*** Data provided Section Begins ***

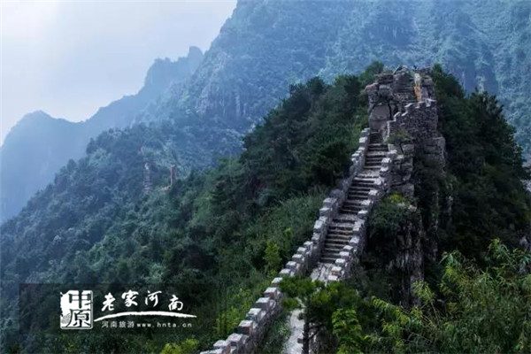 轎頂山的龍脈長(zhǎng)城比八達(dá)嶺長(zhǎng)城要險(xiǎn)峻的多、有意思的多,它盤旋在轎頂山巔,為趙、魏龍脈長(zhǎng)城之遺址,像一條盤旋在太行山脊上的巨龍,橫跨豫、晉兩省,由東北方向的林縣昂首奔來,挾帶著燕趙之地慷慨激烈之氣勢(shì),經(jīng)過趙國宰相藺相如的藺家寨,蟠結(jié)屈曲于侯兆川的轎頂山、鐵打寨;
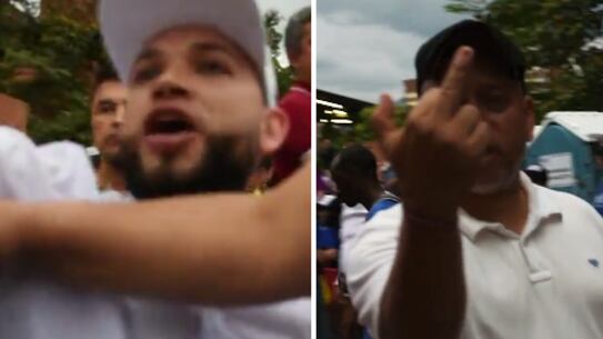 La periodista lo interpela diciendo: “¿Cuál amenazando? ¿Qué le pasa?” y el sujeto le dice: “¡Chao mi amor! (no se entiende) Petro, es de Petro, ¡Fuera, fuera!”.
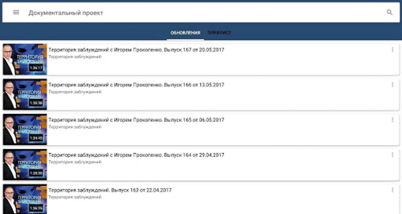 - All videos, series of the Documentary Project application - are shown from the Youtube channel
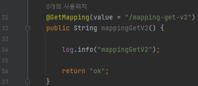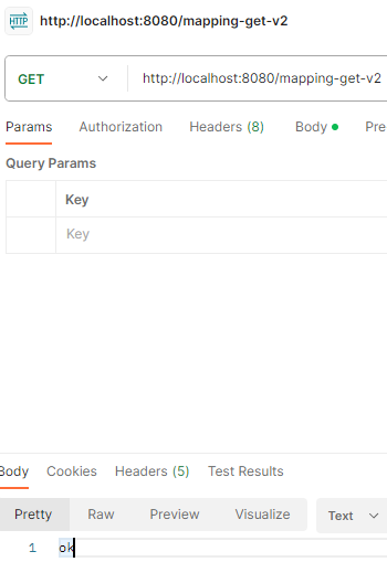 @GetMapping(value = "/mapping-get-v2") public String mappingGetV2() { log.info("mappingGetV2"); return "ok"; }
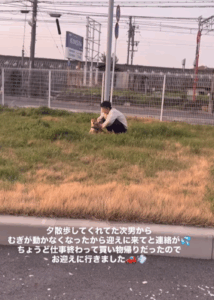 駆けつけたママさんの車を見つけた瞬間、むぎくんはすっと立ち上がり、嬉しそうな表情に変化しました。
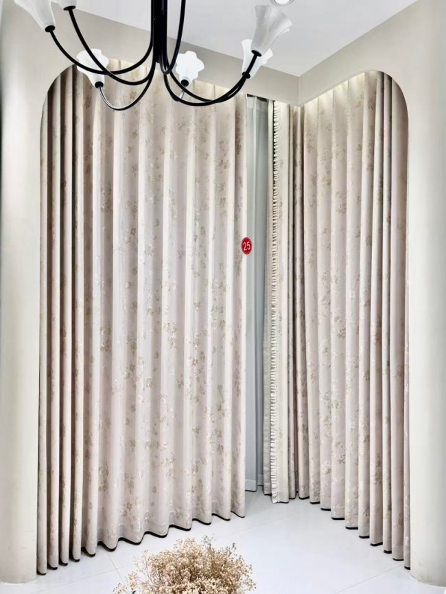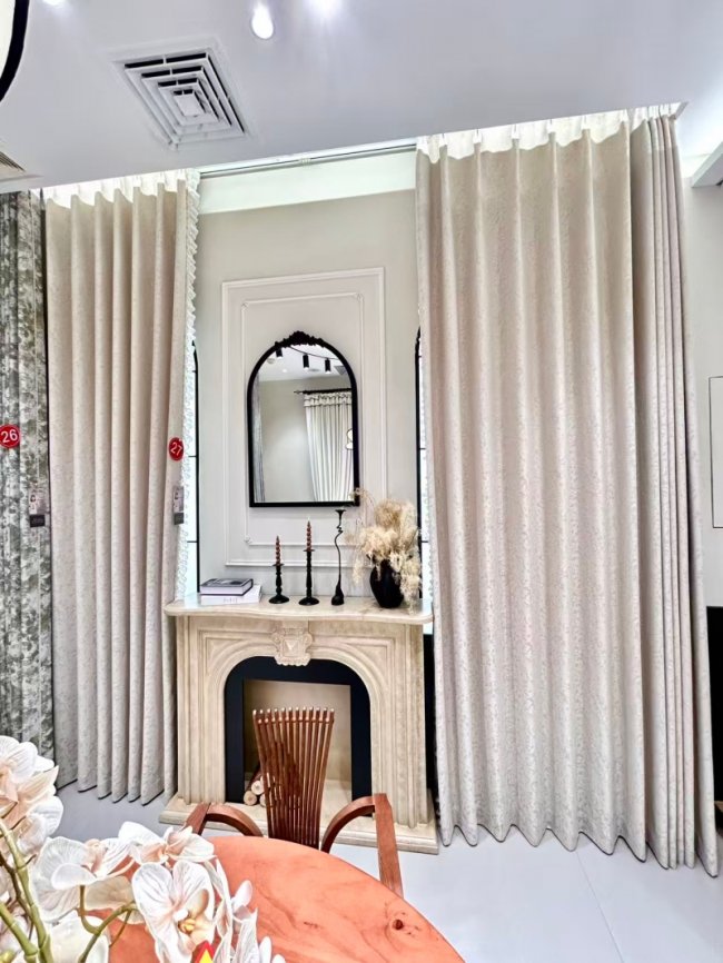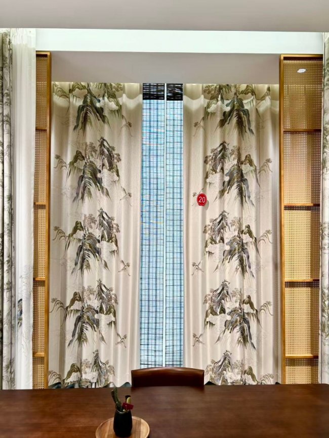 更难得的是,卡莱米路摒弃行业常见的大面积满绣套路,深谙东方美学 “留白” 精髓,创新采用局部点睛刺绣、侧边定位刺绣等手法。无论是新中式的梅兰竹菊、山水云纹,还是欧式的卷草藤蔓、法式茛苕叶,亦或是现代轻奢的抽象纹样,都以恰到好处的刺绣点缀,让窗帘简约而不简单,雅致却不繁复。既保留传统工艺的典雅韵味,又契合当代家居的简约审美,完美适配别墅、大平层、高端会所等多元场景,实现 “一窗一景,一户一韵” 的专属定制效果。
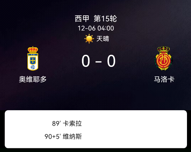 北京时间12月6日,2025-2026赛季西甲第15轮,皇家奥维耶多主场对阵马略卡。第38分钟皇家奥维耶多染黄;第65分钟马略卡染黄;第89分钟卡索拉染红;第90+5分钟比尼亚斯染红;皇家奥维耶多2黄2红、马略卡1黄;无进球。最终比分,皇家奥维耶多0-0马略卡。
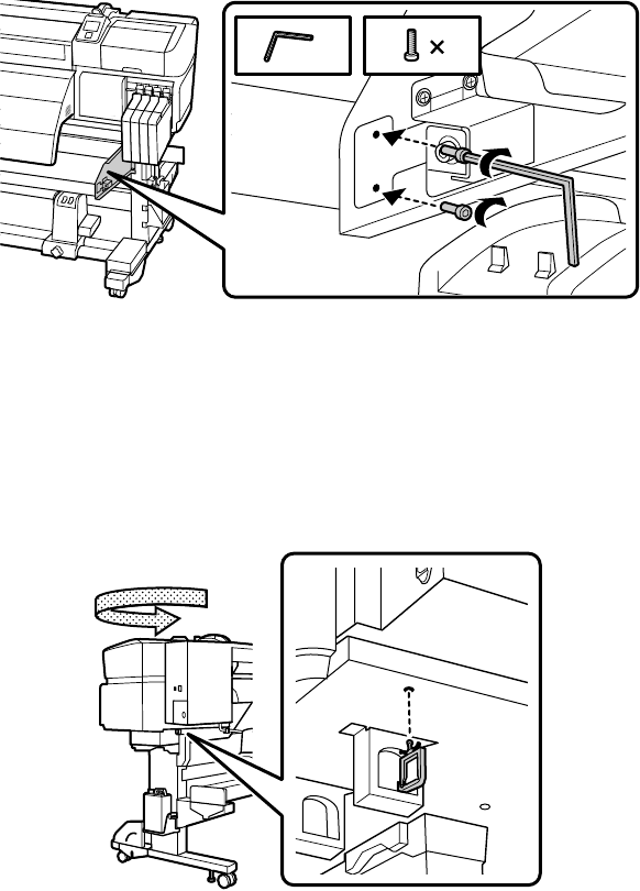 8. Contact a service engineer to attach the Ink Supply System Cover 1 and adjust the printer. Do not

*** Data provided Section Ends ***

Problem
An answer containing only the lines from the one holding "- All videos, series" through the close of the entries above, reproduced exactly and stripped of pictures, is expected.

Task result
 - All videos, series of the Documentary Project application - are shown from the Youtube channel
 @GetMapping(value = "/mapping-get-v2") public String mappingGetV2() { log.info("mappingGetV2"); return "ok"; }
 駆けつけたママさんの車を見つけた瞬間、むぎくんはすっと立ち上がり、嬉しそうな表情に変化しました。
 更难得的是,卡莱米路摒弃行业常见的大面积满绣套路,深谙东方美学 “留白” 精髓,创新采用局部点睛刺绣、侧边定位刺绣等手法。无论是新中式的梅兰竹菊、山水云纹,还是欧式的卷草藤蔓、法式茛苕叶,亦或是现代轻奢的抽象纹样,都以恰到好处的刺绣点缀,让窗帘简约而不简单,雅致却不繁复。既保留传统工艺的典雅韵味,又契合当代家居的简约审美,完美适配别墅、大平层、高端会所等多元场景,实现 “一窗一景,一户一韵” 的专属定制效果。
 北京时间12月6日,2025-2026赛季西甲第15轮,皇家奥维耶多主场对阵马略卡。第38分钟皇家奥维耶多染黄;第65分钟马略卡染黄;第89分钟卡索拉染红;第90+5分钟比尼亚斯染红;皇家奥维耶多2黄2红、马略卡1黄;无进球。最终比分,皇家奥维耶多0-0马略卡。
 8. Contact a service engineer to attach the Ink Supply System Cover 1 and adjust the printer. Do not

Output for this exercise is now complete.